Reads the canonical metadata from `metadata/`, reads the raw data file, optionally joins bootstrap weights, applies code labels as factors, converts numeric columns, and writes to a `.duckdb` file.

Usage

pumf_build_duckdb(
  version_dir,
  series,
  version,
  lang = "eng",
  layout_mask = NULL,
  file_mask = NULL,
  refresh = FALSE,
  db_path = NULL,
  meta_subdir = NULL,
  data_fixups = NULL,
  bsw_override = NULL
)

Arguments

version_dir

Path returned by [pumf_locate_or_download()].

series

Survey series acronym, e.g. `"SFS"`.

version

Version string, e.g. `"2019"`.

lang

`"eng"` (default) or `"fra"`.

layout_mask

Optional layout mask; used in the DuckDB table name.

file_mask

Optional regex to select the data file.

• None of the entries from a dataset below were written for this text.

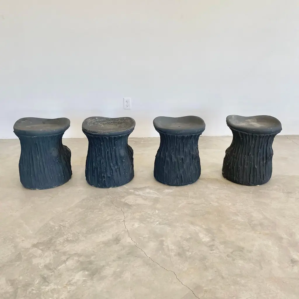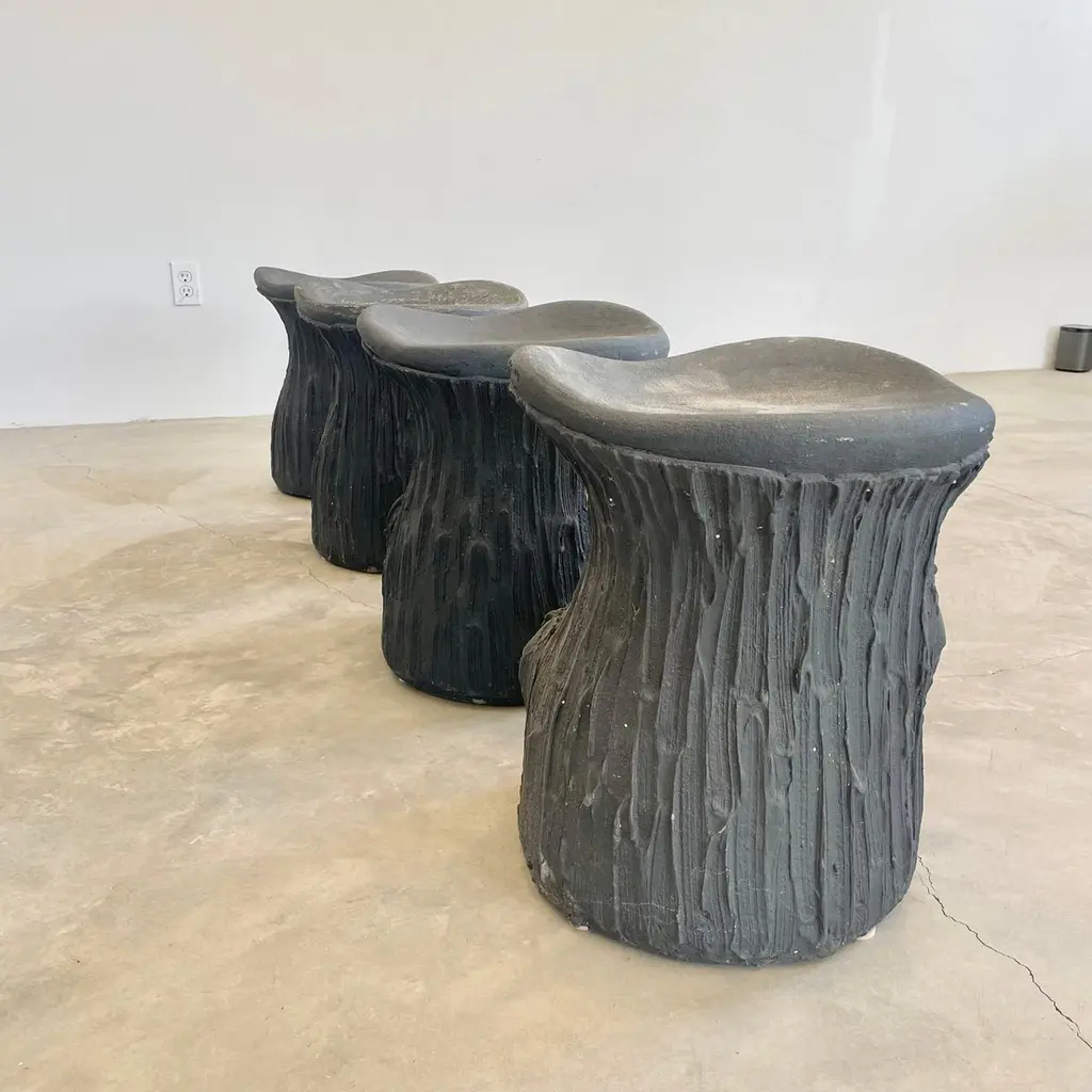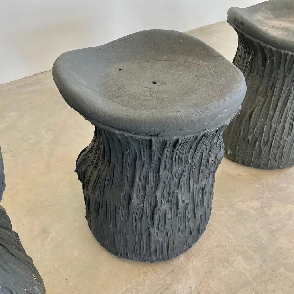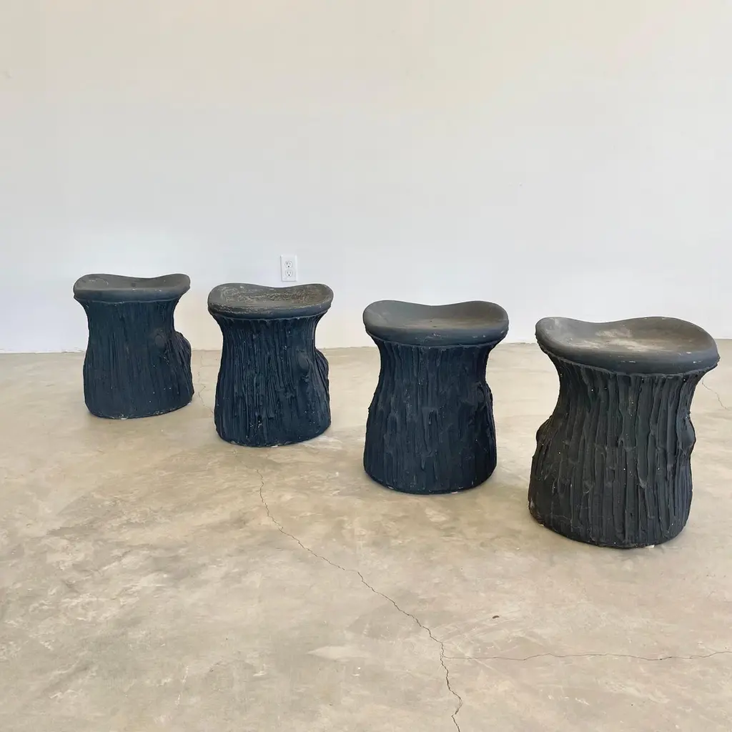 Substantial mid-century black concrete faux-bois stools, circa 1970s. Sculptural design. Great color and design details. Each stool is made of concrete which allows it to develop an incredible patina. Factory drilled drainage holes in each seat. A beautiful set with a strong presence. Very sturdy and able to hold an adult with ease. 4 available. Priced individually. Natural wear as shown.Located at our Southampton showroom.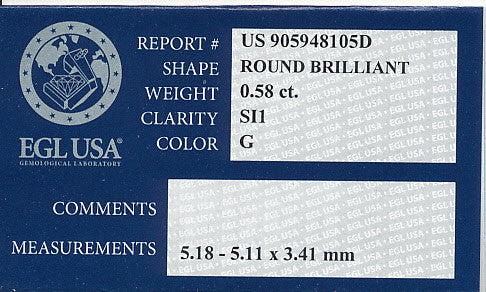 This ring comes with a diamond report for the center diamond from the European Gemological Laboratory (EGL).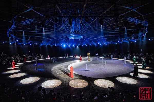 秀场以太极的舞台和八排座位设置构成了乾坤阴阳八卦图,太极阴阳的空间中,矗立12兽首;而场地穹顶设计为日晷,将时间和空间相对应。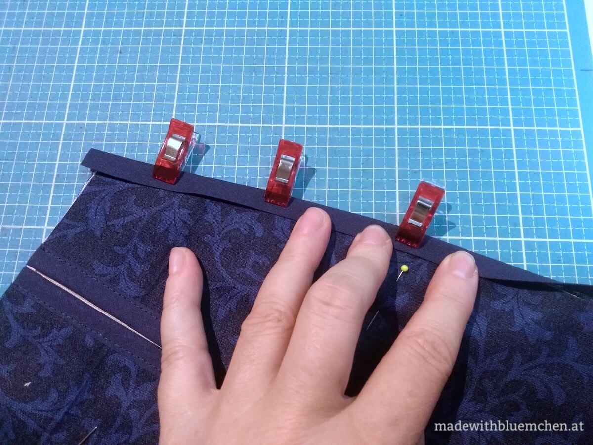 Außerdem ist so ein Umbinde-Beutel praktischerweise mit vielen Kleidungsstücken zu kombinieren, und ich erspare mir weitere Taschen-Einnäh-Aktionen. Ich trage diesen Beutel auch zu Röcken und sommerlichen Blusenkleidern, die ich nicht selbst genäht habe, über Beinkleidern wie Leggings, bei denen Taschen eher schwierig einzubauen wären, und über Jogginghosen, bei denen mir die ganze Zeit das Handy aus den Taschen rutscht.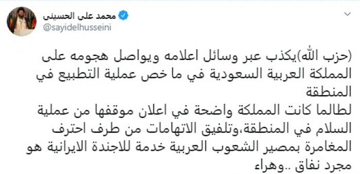 وقال في تغريدة عبر "تويتر" رصدها "المشهد العربي": "(حزب الله) يكذب عبر وسائل إعلامه ويواصل هجومه على المملكة العربية السعودية في ما يخص عملية التطبيع في المنطقة لطالما كانت المملكة واضحة في إعلان موقفها من عملية السلام في المنطقة، وتلفيق الاتهامات من طرف احترف المغامرة بمصير الشعوب العربية خدمة للأجندة الايرانية هو مجرد نفاق ..وهراء".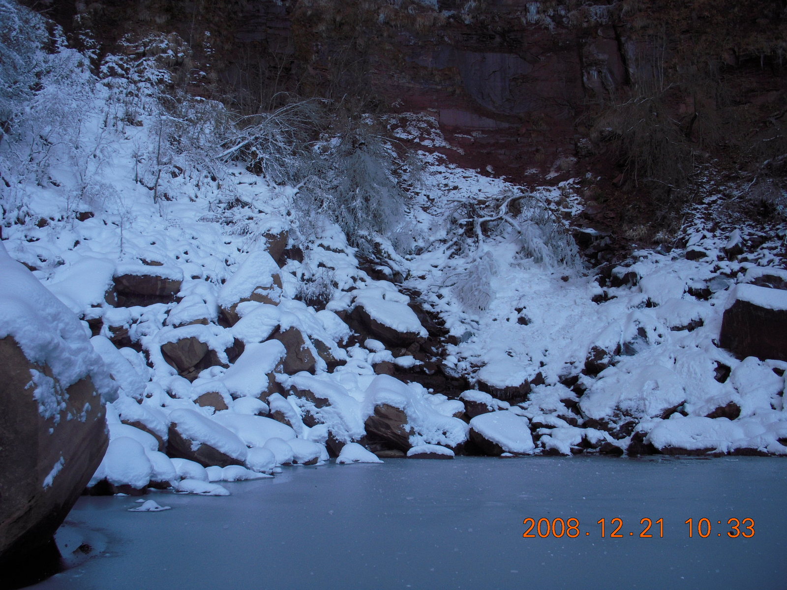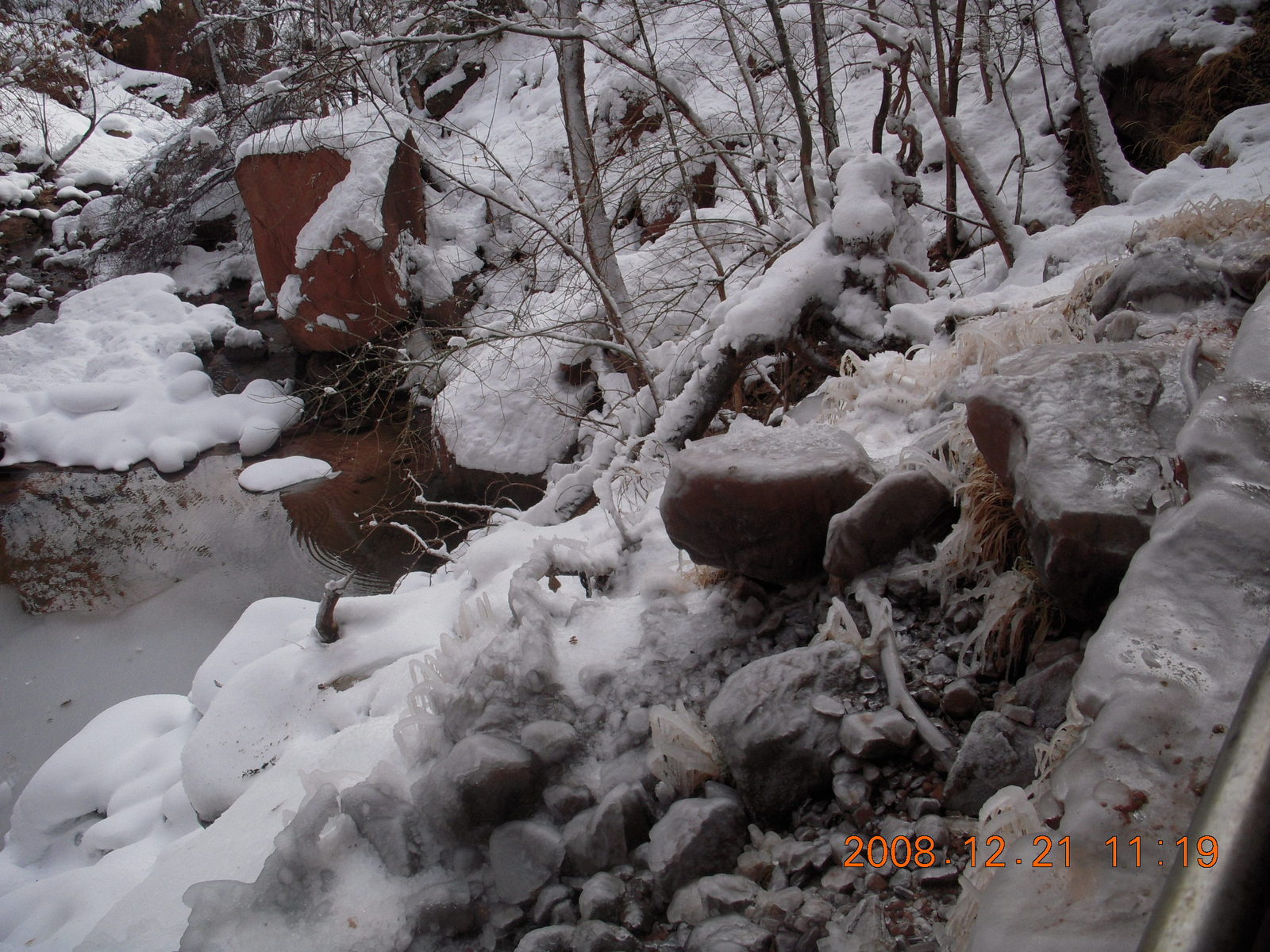 2008 December 21, Sunday, 6qm-v08.jpg * Zion National Park - ice and snow with flash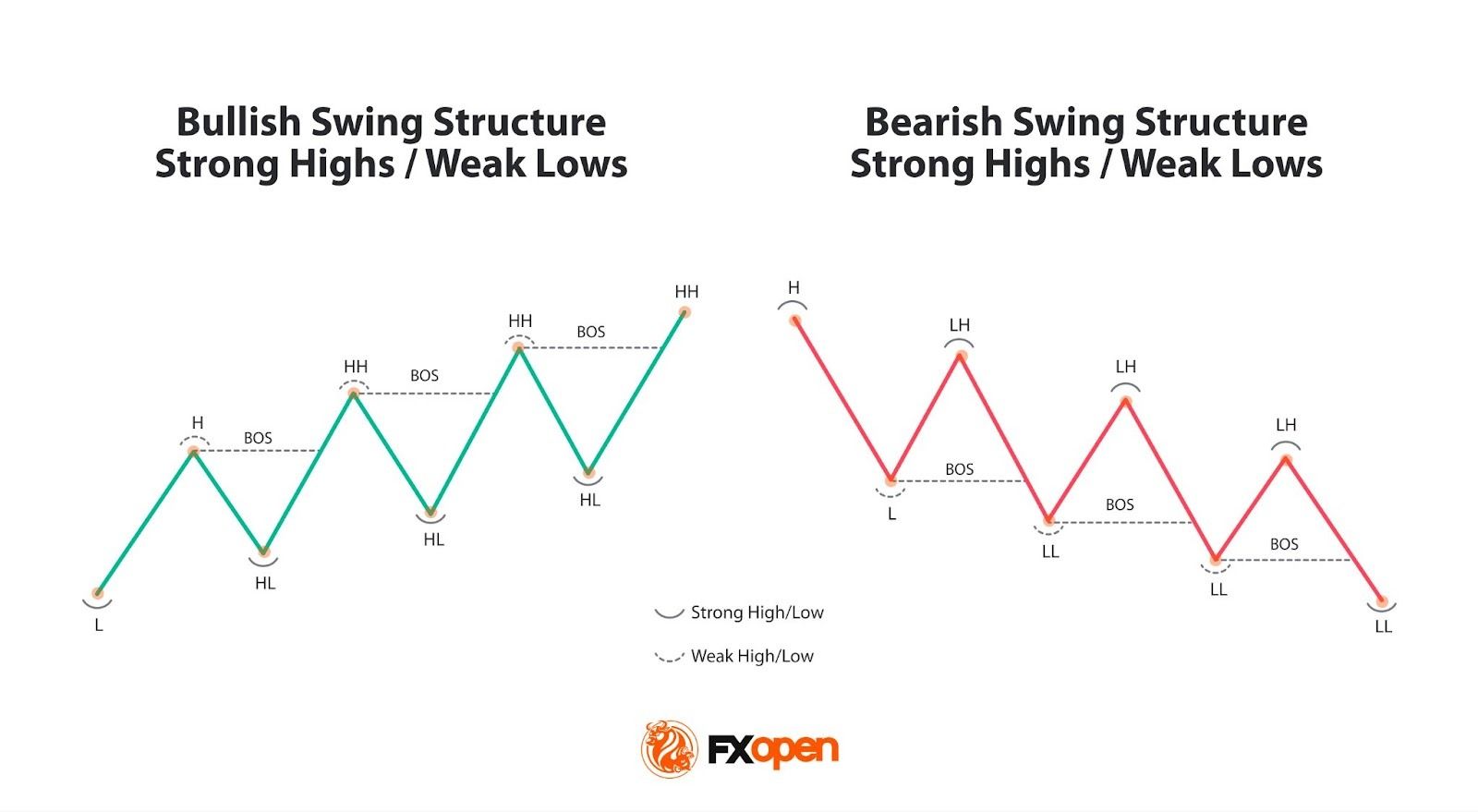 To accurately identify a BOS, traders focus on pinpointing key swing points: the strong swing point, which shouldn't be breached for the trend to remain valid, and the weak swing point, which is expected to be surpassed if the trend continues.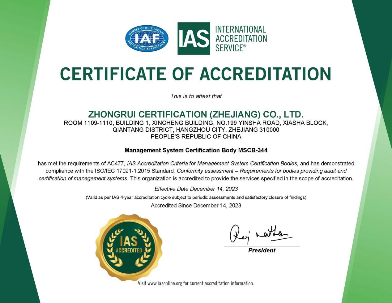 2023年12月14日,我機構(gòu)順利通過了美國權(quán)威認可機構(gòu)IAS的質(zhì)量管理體系、環(huán)境管理體系、職業(yè)健康安全管理體系的評審,獲頒發(fā)認證機構(gòu)認可證書(證書編號:MSCB-344),并準予在以上獲準認可的領(lǐng)域范圍內(nèi)宣傳認可狀態(tài)、使用IAS標(biāo)識和IAF國際認可標(biāo)識。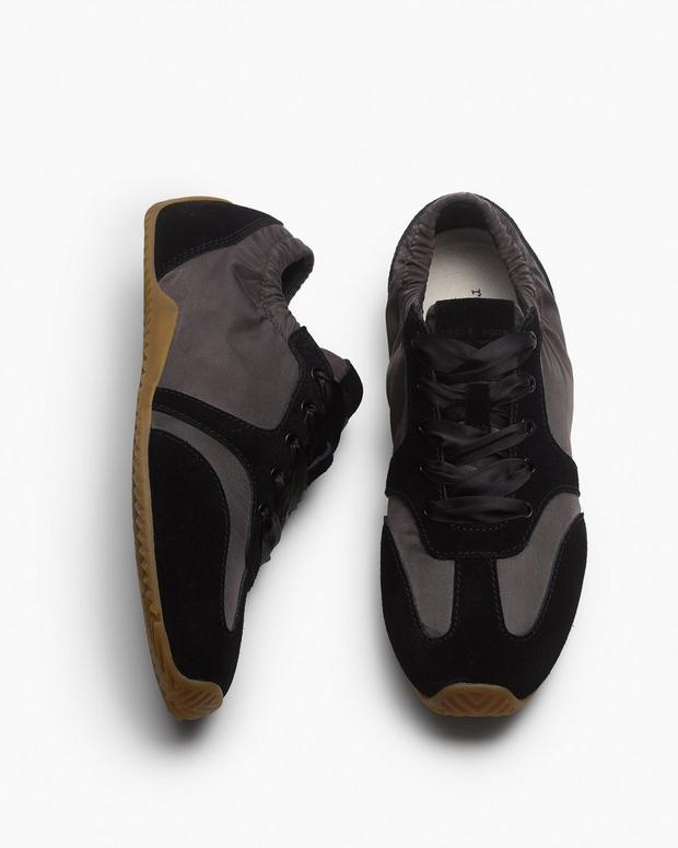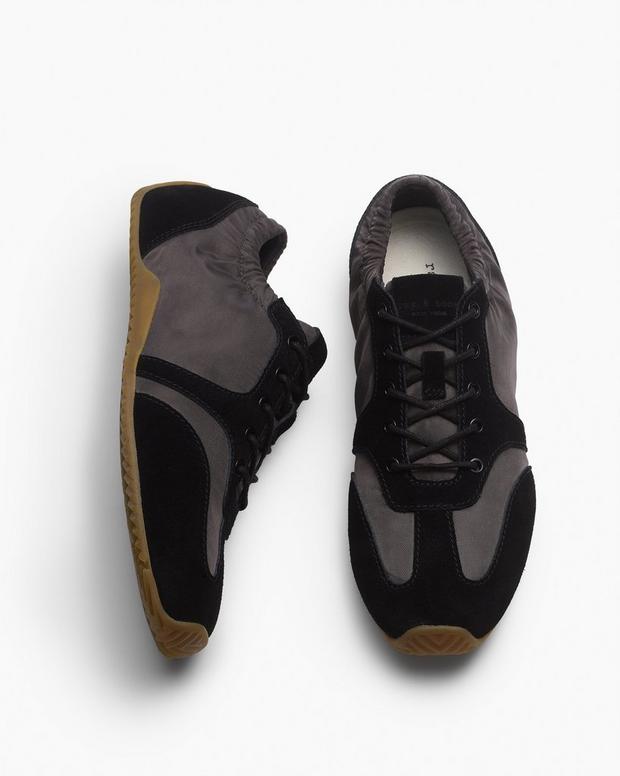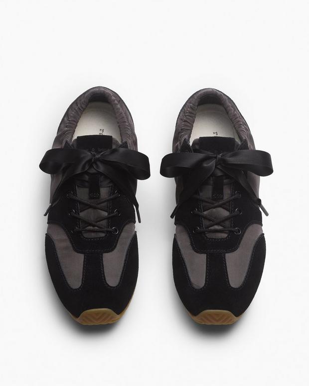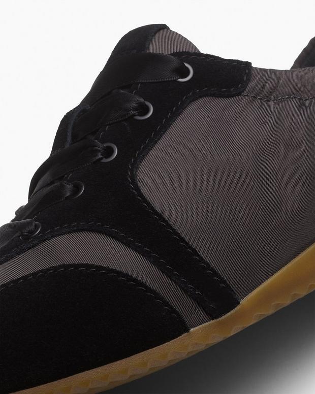 バレエシューズの軽さとスリムなランニングシューズの快適さを合わせたスニーカーです。履き口はゴム使用のため簡単に脱ぎ履きできます。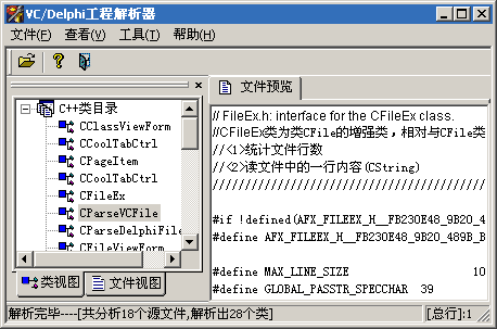再者该工程中涉及到了几个文件解析类,CParseDelphiFile类和CParseVCFile类,这两个类从基类CFileEx继承而来,都和具体的应用有密切的关系,它们主要完成了Delphi工程文件的解析,Delphi代码文件中类的解析和类函数的解析功能。而后者则主要完成了VC工程文件的解析,VC源文件中类的解析功能。该工程还使用了停靠类,活页类,任务栏操作类和超级联接类 该工程涉及了很多底层的文件操作内容,例如:如何在程序文件中过滤注释行和字符串内容等,我想只大家稍做修改就可以做个代码注释率统计工具。工程中还有如何注册热键,如何特效显示对话框,如何在对话框中添加工具条(CToolBar)和如何在工具条上使用256色图标等等。说实话里面的内容很多,所以献给大家,希望能对大家有所帮助!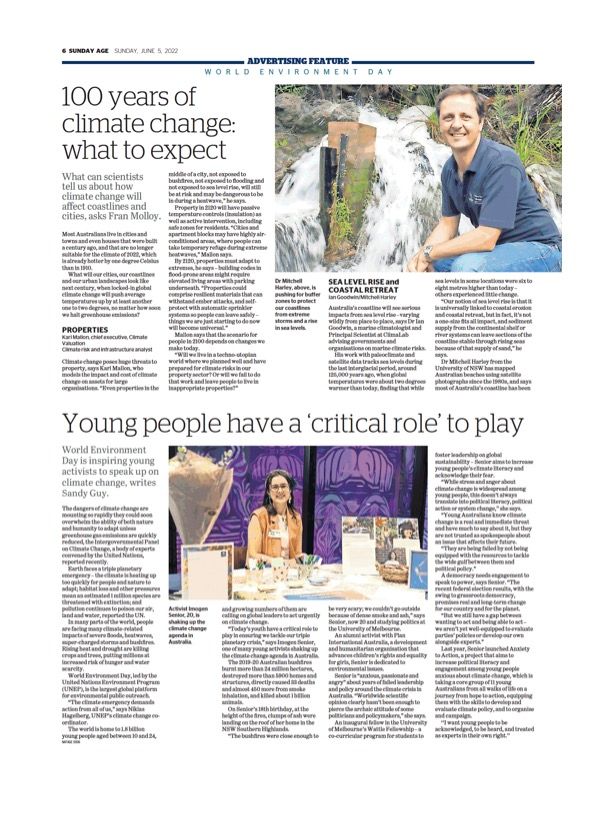 By 2120, properties must adapt to extremes, he says – building codes in flood-prone areas might require elevated living areas with parking underneath. “Properties could comprise resilient materials that can withstand ember attacks, and selfprotect with automatic sprinkler systems so people can leave safely – things we are just starting to do now will become universal.”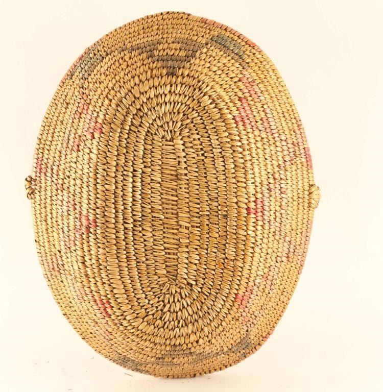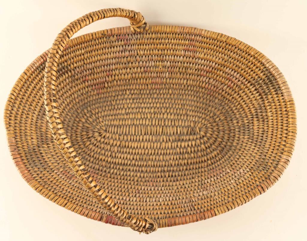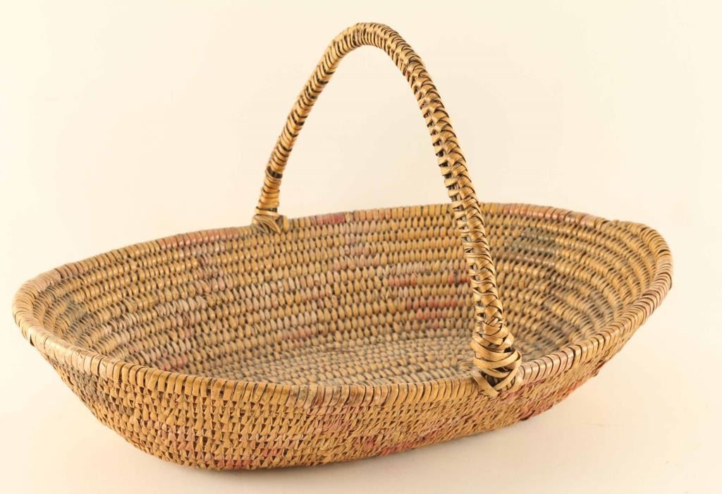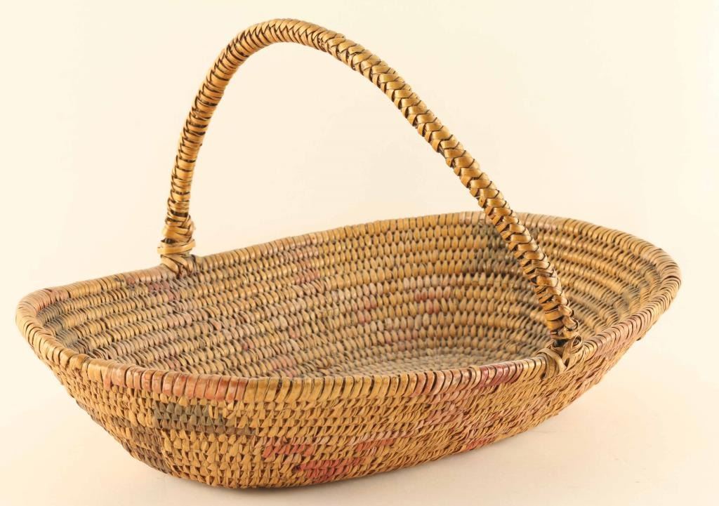 with colorful geometric design which has since faded. Measures 15 1/4" x 9". Handle is loose, otherwise in good condition.

Overrides registry.

refresh

If `TRUE`, drop and rewrite the DuckDB table.

db_path

Optional explicit path to the DuckDB file. Defaults to `<version_dir>/<series>_<version>.duckdb`. Multi-module surveys pass one shared path so every module table lands in the same file.

meta_subdir

Optional metadata subdirectory under `metadata/` to read for this build. `NULL` (default) uses `metadata/` (the primary module); secondary modules pass their module id so `metadata/<id>/` is read.

data_fixups

Optional `data_fixups` list overriding the registry entry's for this build. Used by secondary modules, which supply their own complete fixup set (e.g. `force_numeric`), replacing the entry's primary fixups.

bsw_override

Optional list of bootstrap-weight config (`bsw_mask`, `bsw_file_mask`, `bsw_join_key`, `bsw_drop_cols`, `bsw_strata`) overriding the registry entry's BSW config for this build. Each module of a multi-module survey joins its own bootstrap weights (or none), so the caller passes that module's BSW config; an override whose fields are all `NULL` means "this module has no bootstrap weights".

Value

Invisibly, a named list with `db_path` and `table_name`.

Details

Skips re-building if the named table already exists in the DuckDB file and `refresh = FALSE`. Passing `refresh = TRUE` drops and rewrites the table without re-downloading or re-extracting raw data.

Returns the db path and table name invisibly. Call [pumf_open_duckdb()] to open a read-only connection and get a lazy `dplyr::tbl()`. Keeping Stage 3 and connection-opening separate prevents DuckDB file-lock conflicts when building multiple language tables for the same survey in one session.